◆ PROBLEM STATEMENT:
Extract every record, exactly as written, and ignore the pictures.

◆ DATASET CONTENT:

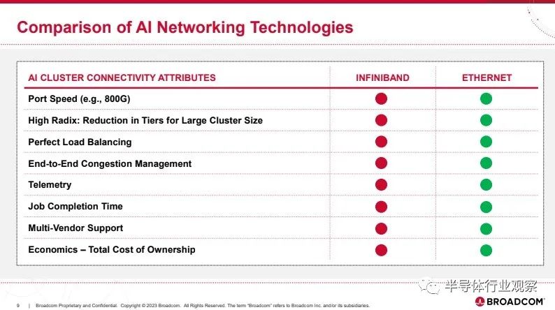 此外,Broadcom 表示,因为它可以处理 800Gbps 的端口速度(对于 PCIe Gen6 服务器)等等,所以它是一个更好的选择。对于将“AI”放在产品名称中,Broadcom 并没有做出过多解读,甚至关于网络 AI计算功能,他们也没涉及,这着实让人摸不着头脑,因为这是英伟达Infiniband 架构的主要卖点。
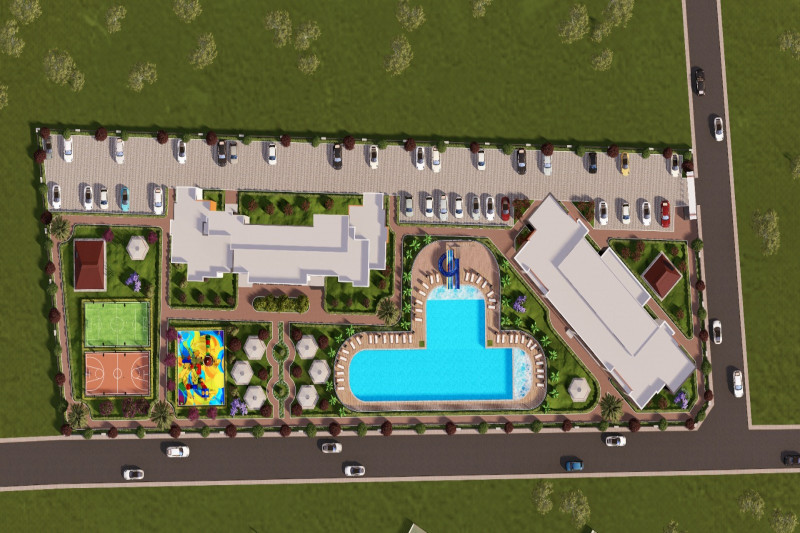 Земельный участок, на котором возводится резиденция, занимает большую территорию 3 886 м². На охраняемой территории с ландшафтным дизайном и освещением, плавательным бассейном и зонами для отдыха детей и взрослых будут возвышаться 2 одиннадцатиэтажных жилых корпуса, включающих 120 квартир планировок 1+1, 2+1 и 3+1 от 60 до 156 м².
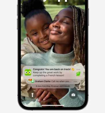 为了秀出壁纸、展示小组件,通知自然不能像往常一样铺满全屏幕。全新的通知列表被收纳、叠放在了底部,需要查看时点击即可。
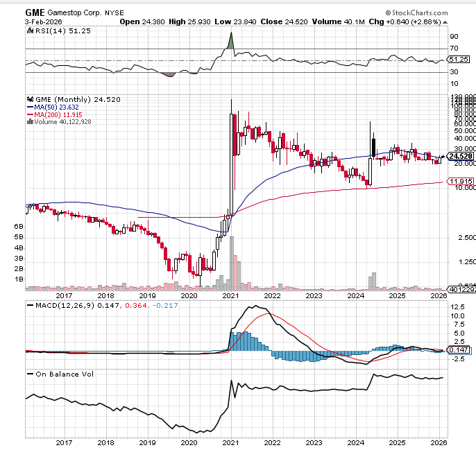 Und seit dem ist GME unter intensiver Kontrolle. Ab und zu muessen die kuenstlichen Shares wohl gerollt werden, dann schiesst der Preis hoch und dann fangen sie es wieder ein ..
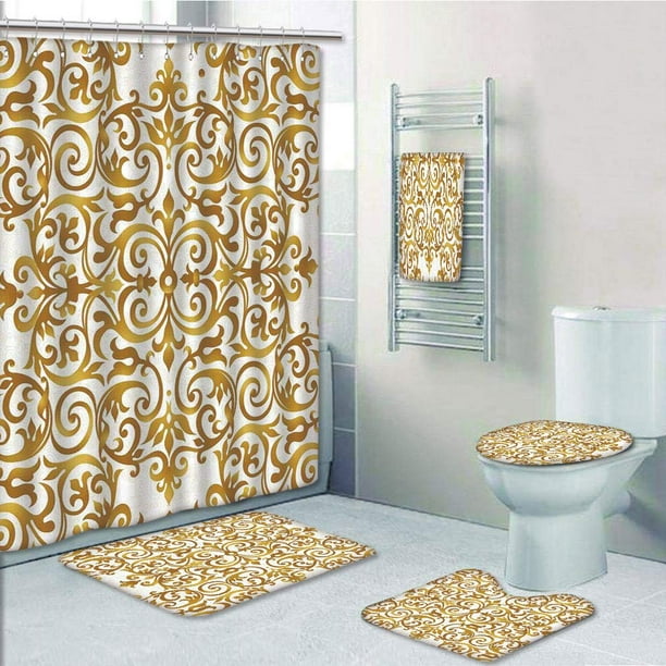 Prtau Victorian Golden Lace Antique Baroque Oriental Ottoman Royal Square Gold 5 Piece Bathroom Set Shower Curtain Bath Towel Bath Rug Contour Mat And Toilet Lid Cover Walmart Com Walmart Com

◆ EXERCISE SOLUTION:
 此外,Broadcom 表示,因为它可以处理 800Gbps 的端口速度(对于 PCIe Gen6 服务器)等等,所以它是一个更好的选择。对于将“AI”放在产品名称中,Broadcom 并没有做出过多解读,甚至关于网络 AI计算功能,他们也没涉及,这着实让人摸不着头脑,因为这是英伟达Infiniband 架构的主要卖点。
 Земельный участок, на котором возводится резиденция, занимает большую территорию 3 886 м². На охраняемой территории с ландшафтным дизайном и освещением, плавательным бассейном и зонами для отдыха детей и взрослых будут возвышаться 2 одиннадцатиэтажных жилых корпуса, включающих 120 квартир планировок 1+1, 2+1 и 3+1 от 60 до 156 м².
 为了秀出壁纸、展示小组件,通知自然不能像往常一样铺满全屏幕。全新的通知列表被收纳、叠放在了底部,需要查看时点击即可。
 Und seit dem ist GME unter intensiver Kontrolle. Ab und zu muessen die kuenstlichen Shares wohl gerollt werden, dann schiesst der Preis hoch und dann fangen sie es wieder ein ..
 Prtau Victorian Golden Lace Antique Baroque Oriental Ottoman Royal Square Gold 5 Piece Bathroom Set Shower Curtain Bath Towel Bath Rug Contour Mat And Toilet Lid Cover Walmart Com Walmart Com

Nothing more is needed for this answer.